Release Date:October 29, 2009
Summary:Takes the Samegame classic premise and puts it on the iPhone - all with the same bubble popping, strategical gameplay. Sadly, with hardly any sound.
It’s back to the bubble popping game for me. Seriously, do these games ever get old?
Similar to how Elias Pietila redid the immensely popular Labyrinth game by Codify AB with his Wooden Labyrinth 3D game, Samegame Gravitized takes the bubble popping premise seen in other apps we’ve reviewed on Appstruck, and manages to heighten the bar a bit – in some respects. After some research, I realized that Samegame is pronounced /sah-meh-gah-meh/ in Japanese, and is actually a 1985 game by Kuniaki Moribe that has been relayed onto numerous other system platforms throughout the years. Some game formulas are just tried and true.
ooPixel (cleverly, the double “o’s” are actually rendered as an infinity symbol in the developer’s web design) has created a fun, if somewhat noiseless game that had me fiddling with brightly colored circles for hours at a time, before realizing that I had gone beyond my natural sleeping hour, thus completely wrecking my Fall Forward extra hour of sleep. The game has a cheerfully bright opening screen complimented by an equally bright playing field, with circles – bubbles, rather, each with their own inner, distinct symbol – in colors of green, red, blue and orange. Three playing modes are presented – Gravitized, Classic, Puzzle -, with Puzzle by far being my favorite. In Classic mode, the objective is simply to destroy enough pieces to make it to the next level – three of a kind is the minimum to explode a group. Gravitized Mode takes into account the angle at which you tilt your iPhone, allowing you to swiftly change the flow of gravity should you want the bubble to fall to the left instead of the right. Puzzle Mode creates different play scenarios where you must logically figure out the order in which to destroy pieces, so other pieces may fall next to like-colored pieces, with the eventual destruction of them all.

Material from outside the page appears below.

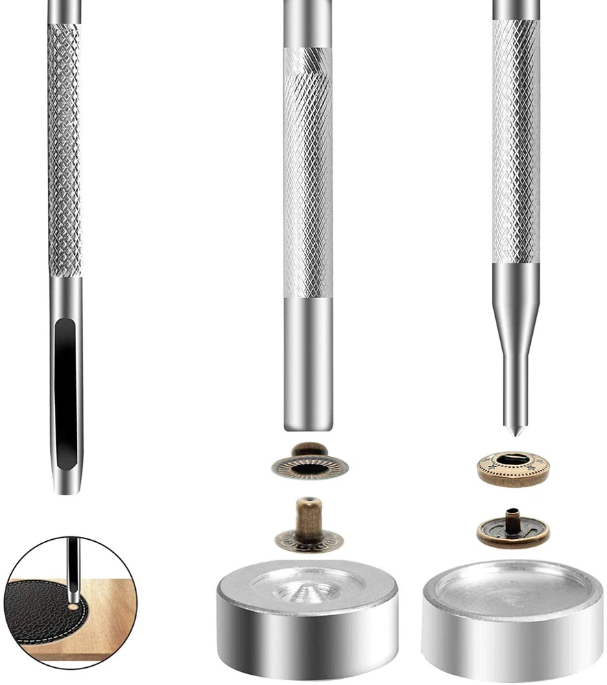 Specification: Item: Leather Snap Fasteners Kit Quantity: 24sets Material: Brass Diameter: 15mm Color: Antique Brass Features: 1. Beautiful color and pattern, it will be a great decoration of you clothes 2. Used for leather craft, clothing, handbags, leather straps, DIY Craft etc 3. Our leather snap fasteners are made of durable and sturdy brass material, will not rust and can be used for a long time 4. Our metal snap fasteners have high gloss, smooth surface and no burrs to the touch, looks very classy and elegant Package included: 24sets x Leather Snap Fasteners Kit 4pcs x Installation Tools 1pcs x plastic storage 【Leather Snaps Color】 Antique Brass 【Item Size】 The diameter of the cap is about 15 mm/0.59 inch 【Premium Material】 The Leather Snap Fasteners are made of Brass, non-rusting, remains like new even after long time use 【Enough Quantity】 Come with 24 sets complete heavy duty snaps with 4 setter tools in a box storage. Each set are made of cap, socket, close post and stud 【Widely Application】 The leather fasteners can meet your various leather decorative demands or clothing repair supplies, such as jackets, jeans, belts, hats, pet clothes, bags, DIY craft decoration

In Gravitized and Classic Mode, two special bubble pieces in the form of a skull ensconced in a black bubble, and a rainbow colored bubble destroy groups of blocks, and act as wildcards, respectively. They each have their strengths, particularly in later levels when the color Pink is introduced and there’s more of a chance you’ll have clusters of two like-colored bubbles, and no chance of getting a third squeezed in. Obviously, you can’t choose what color the rainbow bubble will be – rather, depending on whatever group it touches that you choose to explode, it’ll explode alongside them. Strategy pretty much boils down to exploding larger clusters of bubbles over smaller ones, and scrutinizing the scene for the potential benefits or repercussions of exploding a particular cluster. Thinking ahead and predictive abilities – much like in chess – are great assets for this game; otherwise, it can easily result in an idle, dull hunt and peck style of game, with the player just popping any cluster he sees. Of course, playing this way won’t get you farther than level 3, so I recommend actual thinking.
Gravitized Mode didn’t seem as fun as I thought it would be – it’s actually quite difficult to tilt your iPhone and change the movement of the falling bubbles, and usually isn’t effective and influential on gameplay strategy unless you remember to do it when exploding a large cluster. I was content to just play as I would in Classic Mode, meaning I could do without it. However, Puzzle Mode is fantastic. It gives a new edge to gameplay, and makes logic and predictive thinking more of a factor. 20 levels are offered, with increasing levels of difficulty, and an easy refresh button will have you starting from scratch in no time when you realize three bubble bursts last, you shouldn’t have tapped the blue cluster before the red one.
Now, I’m a very aural person when it comes to games. Well, okay, I’m definitely a graphics whore – visuals are tantamount to a good game, even such simple, classic games as Gravitized – but sounds are especially important when it comes to being fully immersed in a game. One of the reasons I loved StoneLoops of Jurassica so much was because the explosion sounds, the semi-organic crunching of the balls clacking against each other, was so satisfying to the ear. I could have vicariously played from those sounds, alone. In Samegame Gravitized, a digital pop is heard when tapping a group – fine enough – but then a fiery explosion is seen with the loud sound of… silence. Absolutely nothing. Even when you use the withering destruction Skull bubble there is no sound effect to accompany the explosion. Just this little *pop*. It’s so mundane it’s outrageous. I’m even willing to urge the developer to put in-game music to counter the deafening silence of this game – and I tend to mock in-game music. The game just needs a little something to tantalize the senses, which the pretty visuals and interesting gameplay almost accomplish on their own.